With this weekend's "From Brett to Gillette V" coming on this weekend, so soon after that Holmes and Watson preview was released, the thought of Sherlock Holmes's appearances in movies and television is bound to be on many a Sherlockian mind. Books have been written on the subject, conferences have been held (the "V" at the end of FBtG kinda gives that away), and when Sherlockians aren't talking Conan Doyle original Canon, film and TV Sherlocks are where they invariably head next.

Which means we are usually presented with a common fan issue -- a viewpoint of very close focus.

The older a Sherlock Holmes film gets, the further it is removed from the period it was first intended to be shown, the more it is separated from the other works of its time. Take a look at a Sherlockian's DVD shelf and you might find Young Sherlock Holmes next to the Matt Frewer The Hound of the Baskervilles, not far from Robert Downey Jr.'s Sherlock Holmes or Ben Syder's Sherlock Holmes. Almost as if Bill and Ted came by in a time-travelling phone booth and plucked each from its own era to compile for their end-of-semester project.

What you don't see is Young Sherlock Holmes surrounded by Rocky IV, Santa Claus: The Movie, Spies Like Us, King Solomon's Mines, White Nights, or anything else that was in theaters that December of 1985.

Or that Matt Frewer's Hound required changing channels from a Yankees/Mets World Series game or major network reruns of Forrest Gump or The Bridges of Madison County to get to what would eventually become the Hallmark channel.

What might have been a blip on the entertainment world's radar at the time becomes a stand-out on a list of Sherlockian moments from that year, and all the rest fades away.

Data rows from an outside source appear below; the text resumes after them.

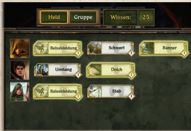
Die Helden haben genug Wissen, um alle hervorgehobenen Gegenstände aufzuwerten.

Sobald ihr einen hervorgehobenen Gegenstand aus dem Gegenstands-menü auswählt, werden alle verfügbaren Aufwertungen für diesen Gegenstand angezeigt. Um den Gegenstand aufzuwerten, wählt ihr die aufgewertete Version des Gegenstands in der App aus. Anschließend erhält der Held die Karte, die der Aufwertung entspricht, und legt die vorherige Version des aufgewerteten Gegenstandes zurück in den Vorrat.
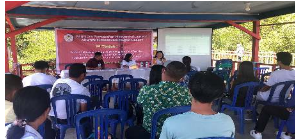
Gambar 5.1. Perabgkat Bumdes dan Perangkat Desa
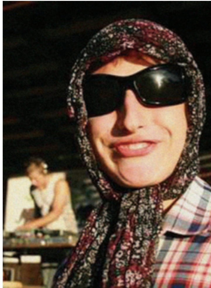
Aga stiilsed olime me igatahes.
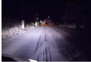
四辻の交差点前の上り坂
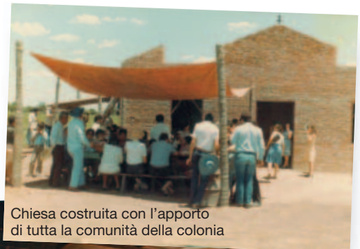
Chiesa costruita con l'apporto di tutta la comunità della colonia

Di cristiani in missione così ce ne sono a tutte le latitudini ma pochi di loro sono conosciuti, sono come semi del regno nascosti nella nostra madre terra che poi un giorno grazie a loro si trasformerà in cielo. [ndr.]
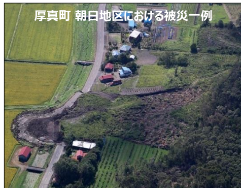
厚真町 朝日地区における被災一例
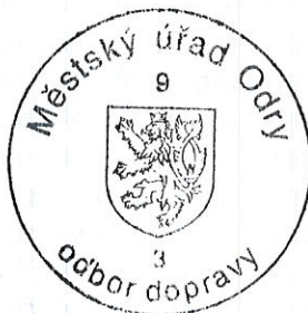
„otisk úředního razítka“
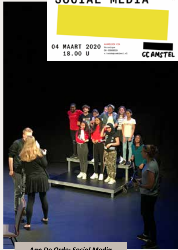
Aan De Orde: Social Media
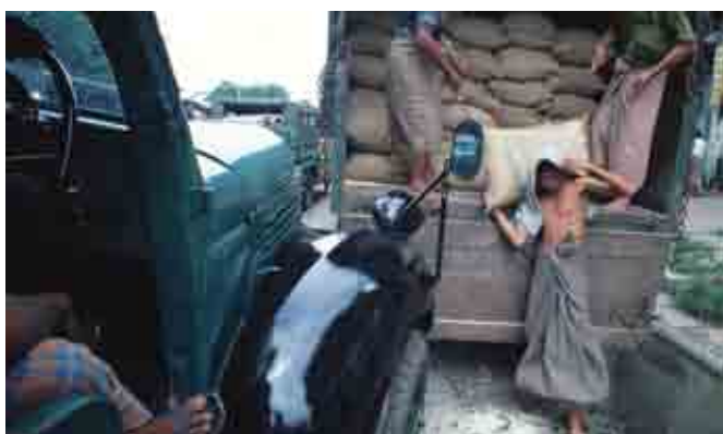
ការរៀបចំចាន់ចែងវិស័យកសិកម្មមានឥទ្ធិពលដោយផ្ទាល់លើវិបុលភាពជាតិ ។

សយោបាយអភិវឌ្ឍន៍ : នេះសំដៅលើវិធានមគ្គុទេសក៍ប្រកាសជាផ្លូវការ ដែលបង្ហាញពីគោលបំណងរដ្ឋាភិបាលចង់ឲ្យសេដ្ឋកិច្ចវិវត្តន៍របៀបណា ។ ពេលខ្លះគេឲ្យឈ្មោះ ដូចជាជារៀតណាមថា doi moi (renovation) ។ វាក៏អាចជាមគ្គុទេសក៍
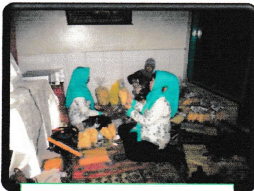
Produk makanan made in KUSM

The character of Sherlock Holmes has those of us that love him holding on to productions long past the date they would have otherwise faded from memory. The aforementioned movie White Nights pulled in over twice the box office receipts of Young Sherlock Holmes at roughly the same time, and rare is the person who thinks of White Nights much in 2018. King Solomon's Mines made nearly as much as Young Sherlock Holmes, and there's even good reasons we don't think of it much any more.

Sherlock Holmes movies are fascinating in that we don't require of them all the things we require of any other movies we take the time to see. All of the Sherlockians who will burden themselves with seeing a Will Ferrell movie this year, when they know full well they hate Will Ferrell movies, is a perfect example. And good, bad, or mediocre, that movie will find its way into Sherlockian collections as long as there are Sherlockian collections.

Given that we give movies featuring Sherlock Holmes the sort of advantage we'd give a grandchild singing the National Anthem, has we seen a truly great Sherlock Holmes movie yet? Can we even say objectively?

Maybe not, but with a range stretching from They Might Be Giants to A Case of Evil, we will always have movies and TV shows to compare, contrast, rank, rate, and have many a discussion over. Of all things besides the original stories, they are our most common language as Sherlockians, and one we will surely be using as long as we are Sherlockians.